▶ **Problem**:
Type out the data exactly as given. Skip any image.

▶ **Supplied information**:
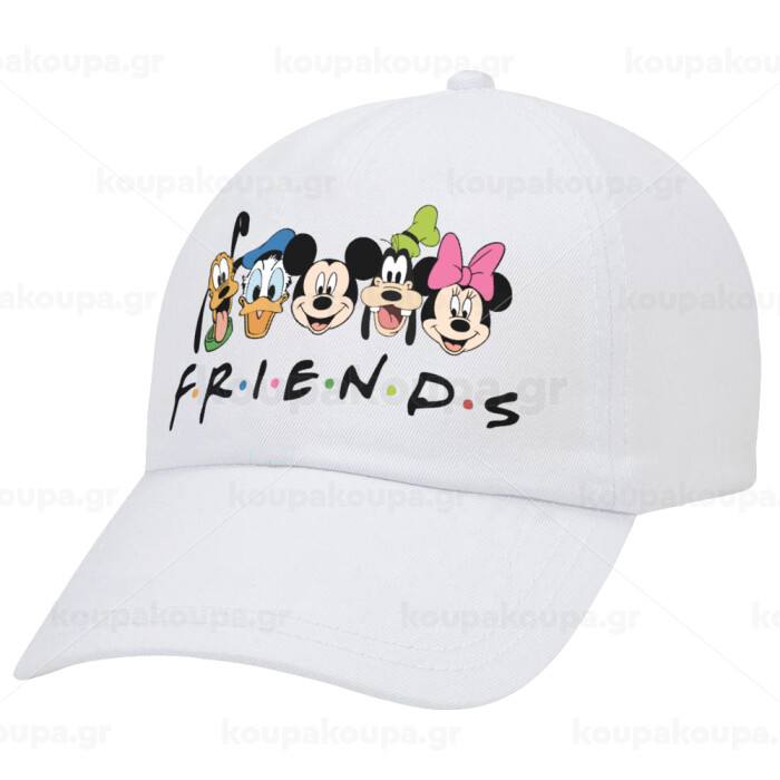 Friends characters, Adult Baseball Cap White 5-panel (POLYESTER, ADULT, UNISEX, ONE SIZE)
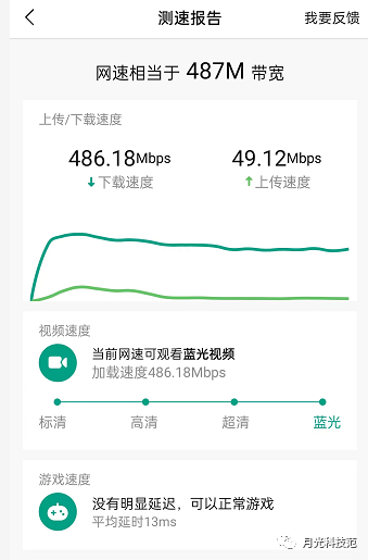客厅里没有地方躲藏速率直接拉满。信号为-30db,下载速度约为486 mbps。上传速度约为49 mbps。我在客厅从不同角度尝试过信号强度波动不超过5DB。在无遮挡的情况下,网速几乎是满的。
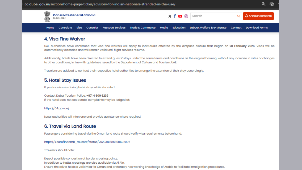The Consulate General of India, Dubai has released an advisory to Indian citizens stranded in the UAE as flights remain affected due to the prevailing situation in the region and restrictions on airspace. Find the official advisory here.

▶ **Reply to the task**:
 Friends characters, Adult Baseball Cap White 5-panel (POLYESTER, ADULT, UNISEX, ONE SIZE)
客厅里没有地方躲藏速率直接拉满。信号为-30db,下载速度约为486 mbps。上传速度约为49 mbps。我在客厅从不同角度尝试过信号强度波动不超过5DB。在无遮挡的情况下,网速几乎是满的。
The Consulate General of India, Dubai has released an advisory to Indian citizens stranded in the UAE as flights remain affected due to the prevailing situation in the region and restrictions on airspace. Find the official advisory here.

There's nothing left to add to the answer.